The Vilnius phone book was attached to the pay phone by a little wire. Someone had torn out everything after R, but even in the space from A to Q Neil noticed a number of new letters: the E with a dot over it, a C with an upside-down circonflexe. It reminded him of a joke he and his dad had had when he was a little kid.
It was basically a nonsense world that they’d invented—either his mother never knew about it or she was never invited in. It started when Neil was learning the alphabet, so he must have been kindergarten age or even younger. At school they were taught to sing Ay, Bee, Cee, Dee, Ee, Ef, Gee, Aych, Eye, Jay, Kay, Ellameno, Pee . . . And like all parents probably did with their kids, especially parents who were also English teachers, Neil and his father would play the alphabet game. Starts with Cee, his father would say as they stood in the checkout line at the grocery store. Candy, Neil would say. Cash register, his father would say. Candy bar, Neil would say. Coupons, his father would say. Kellogg’s, Neil would say. Not exactly, his father would say. Corn on the cob, Neil would say. Cole slaw. Cans. Corned beef hash. Crocodiles. And on and on. Starts with Ess. Soup. String beans. Spider-Man. Soda pop.
Starts with Ellamen
o, Neil said once when it was his turn to choose a letter, and his dad thought that was so funny that they started making up a whole world populated with made-up fantastical things: the ellamenopede who liked to eat ellamenoghetti twirled around forks held in each of its ellamillion hands. There was the ellamenopotomus who lived under Neil’s bed and had to be lulled to sleep, as he remembered, by bedtime songs rewritten. There was an ellamen-old lady who swallowed a fly had been one of them. I don’t ellamen-know why she swallowed that fly. Neil’s father had liked Ellamenoland so much that every year as part of the vocab unit he gave his language arts students extra credit if they could make up and define a word that started with ellameno—something Neil had to live down, painfully, when he got to middle school.

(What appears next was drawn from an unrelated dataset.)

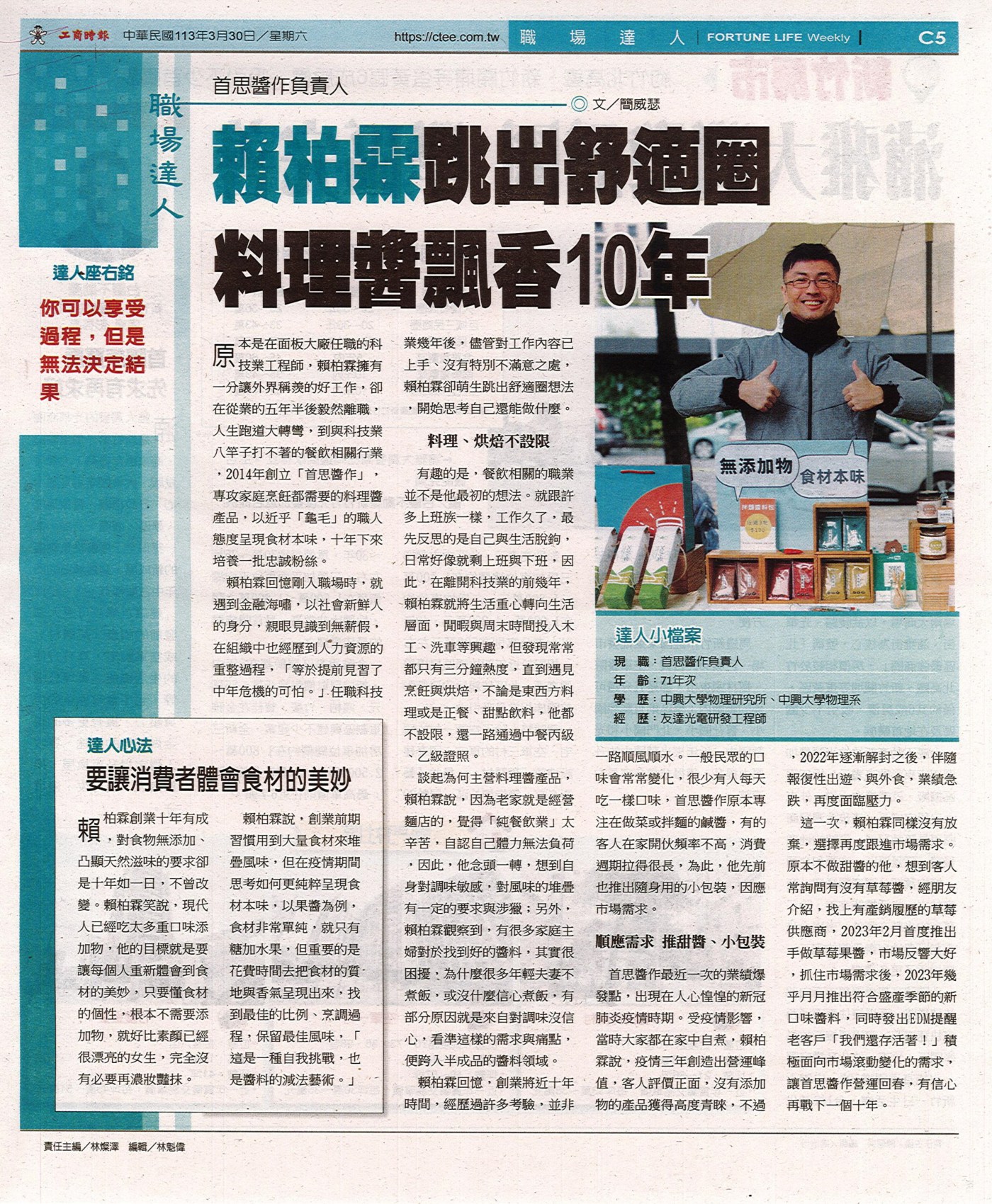 原本是在面板大廠任職的科技業工程師,賴柏霖擁有一分讓外界稱羨的好工作,卻在從業的五年半後毅然離職,人生跑道大轉彎,到與科技業八竿子打不著的餐飲相關行業,2014年創立「首思醬作」,專攻家庭烹飪都需要的料理醬產品,以近乎「龜毛」的職人態度呈現食材本味,十年下來培養一批忠誠粉絲。

That got him thinking about the other things he and his father had done together before his parents split up. When Neil begged for a mail-order town for his train set and his mother said absolutely not, it was too expensive, he and his father set out to build one out of matchsticks. Together they made cabins, then manor houses, railroad stations, castles, pagodas out of matchsticks, even a supertanker that came apart in the bathtub when the glue dissolved. His father sliced the heads off the matches with a razor blade so that the stick was all that was left and Neil dipped them long-ways into a pool of wood glue and laid them one on top of the other for rafters and walls. Neil’s mother would go around sweeping up the little rolling match heads they forgot to throw away. She said they were a fire hazard. Neil’s fingers were clumsy and he spread the glue too thick or made the walls all crooked, but his father’s matchstick houses were perfect, tiny chinks cut for windows, a red Twist-Em for a flag waving from the ramparts of a matchstick fortress.